This incident happened when Moody visited England in 1872 on a kind of sabbatical while his new church was being built in Chicago. His main purpose was to listen to and learn from some of England’s great preachers. But one Sunday he broke his routine and agreed to minister in a church in London.
The Sunday morning turned out to be a disastrous experience. He confessed afterward that he never had such a hard time preaching in his life. Everything was perfectly dead. Then the horrible thought came to him that he had to preach there again that night. He only went through with it because he had given his word he would do so.

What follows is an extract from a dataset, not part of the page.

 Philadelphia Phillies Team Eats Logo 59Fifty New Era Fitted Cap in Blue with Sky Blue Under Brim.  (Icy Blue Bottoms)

But what a difference! That evening the church was packed and there was a new and vital spiritual atmosphere. Moody said, “The powers of an unseen world seemed to have fallen upon the audience.” Although he had not premeditated it, he decided to give an invitation for people to accept Jesus Christ as their personal Savior and was astounded when 500 people stood up. He repeated the invitation twice more to attempt to filter out the insincere, but all 500 went to the vestry to pray to receive Christ. A major revival started in that church and neighborhood that night!
And the intercession?
A woman who had attended the morning service returned home and told her invalid sister that a certain Mr. Moody from Chicago had preached. The invalid sister turned pale. “Mr. Moody from Chicago?” she asked in astonishment. “I read about him some time ago in an American paper and I have been praying to God to send him to London and to our church. If I had known he was going to preach this morning, I would have eaten no breakfast and spent the whole time he was preaching in prayer for him. Now, sister, go out of the room, lock the door, send me no dinner; no matter who comes don’t let them see me. I am going to spend the whole afternoon and evening in prayer!”

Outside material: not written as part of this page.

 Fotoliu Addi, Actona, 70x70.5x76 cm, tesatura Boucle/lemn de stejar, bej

This story is told by E.M. Bounds, who comments, “So while Mr. Moody stood in the pulpit that had been like an ice chamber in the morning, the bedridden saint was holding him up before God, and in the evening God, who ever delights to answer prayer, poured out His Spirit in mighty power.&”
Gary Greenwald’s Team
God frequently empowers ministry through a team of intercessors. Gary Greenwald, pastor of the Eagle’s Nest church in Irvine, California, had been conducting annual evangelistic crusades in Hawaii. Attendance had grown to 2,000 after several years. As they prayed about it they decided to step out in faith one year and rent the Hilton Hawaiian ballroom, which seats 4,000. It cost thousands of dollars, and they would need large crowds to pay their bill.
They sent a team of intercessors from their church in Irvine to stay in the Hilton Hawaiian one week before the crusade for fasting and prayer. The spiritual warfare was intense that week. The leader of the team suffered so much anxiety during the nights that he almost capitulated and returned home. Several of the team were afflicted with sickness of one kind or another. But they persisted and felt they were winning the battle. A big question was: Would they ever fill the ballroom?
The first 3 nights of the crusade they drew 3,000 people. The final 2 nights saw the ballroom packed out at 4,000. It was one of the most powerful crusades they had ever conducted. Many conversions and healing miracles took place, such as a severed Achilles tendon being completely healed. The spiritual warfare had been done and the crusade itself was easy.
They rented the ballroom again the following year. But sending the intercessory team for that week had been very expensive so they decided not to do it again. Hawaii usually has an open atmosphere for preaching, but this year the crusade was a disaster! The highest attendance was only 1,800. Divisions occurred among the leadership. Serious problems occurred over the worship leaders. It was a financial wipeout.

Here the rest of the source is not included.